Town Supervisor Kathy Burke Gonzalez said the town recently passed legislation reducing the minimum lot size for accessory dwelling units (ADUs) from 20,000 square feet to 15,000 square feet and removed the requirement that a property owner be a year-round resident to build an ADU.
Gonzalez said the town is preparing an ADU construction loan/grant program that would use about $1 million from the community housing fund to offer $10,000 grants to homeowners to build ADUs, supplementing a prior nonprofit pilot in western Suffolk that had strong interest but limited eligibility.
On first-time homebuyer assistance, Gonzalez described a CHF-funded down-payment program that offers a $30,000, interest-free assistance amount for qualifying buyers of homes up to roughly $1.7 million; the town does not recapture repayment until sale of the home, she said.

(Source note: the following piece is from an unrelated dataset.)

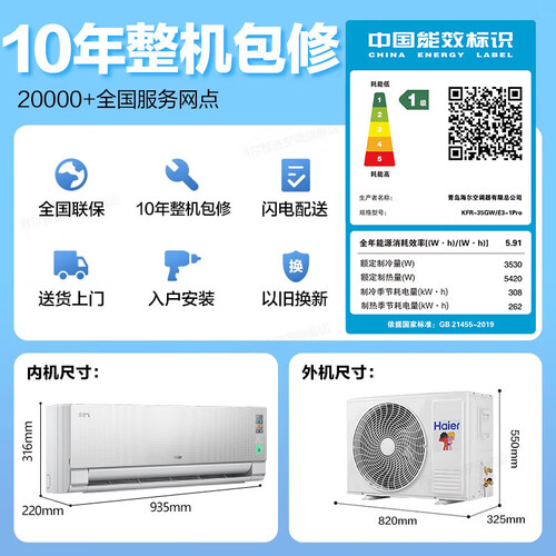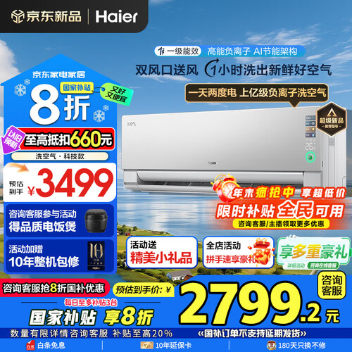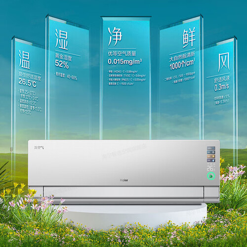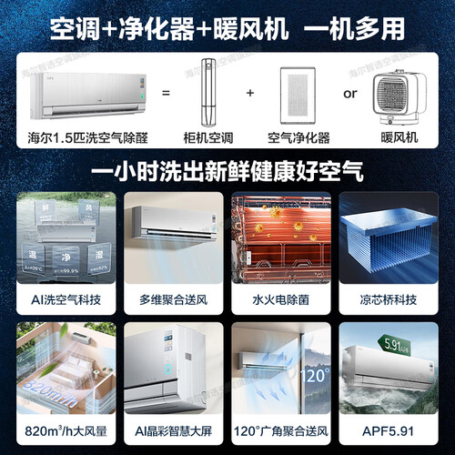 海尔空调洗空气Pro 1.5匹新一级变频冷暖卧室壁挂式声源定位送风 聚合双向风智慧除湿 高能负离子除醛 1.5匹 一级能效洗空气+净化空气+除空气污染物

Gonzalez said the CHF has collected “over $25 million” since it was enacted and that the fund accepts requests from housing providers and developers for loans, acquisitions and infrastructure support.
Gonzalez directed interested residents to the housing office on Bluff Road for program details and said town staff (director Mark Morgan Perez, and staff Linda Norris and Joanne Pilgrim) are the primary contacts. She also noted the recently adopted code changes must be filed with the New York State Department of State and that the town is updating its website with the new guidance.
Next steps: the town will finalize program rules and post application information on the housing office website; interested homeowners should contact the housing office to learn eligibility and timing.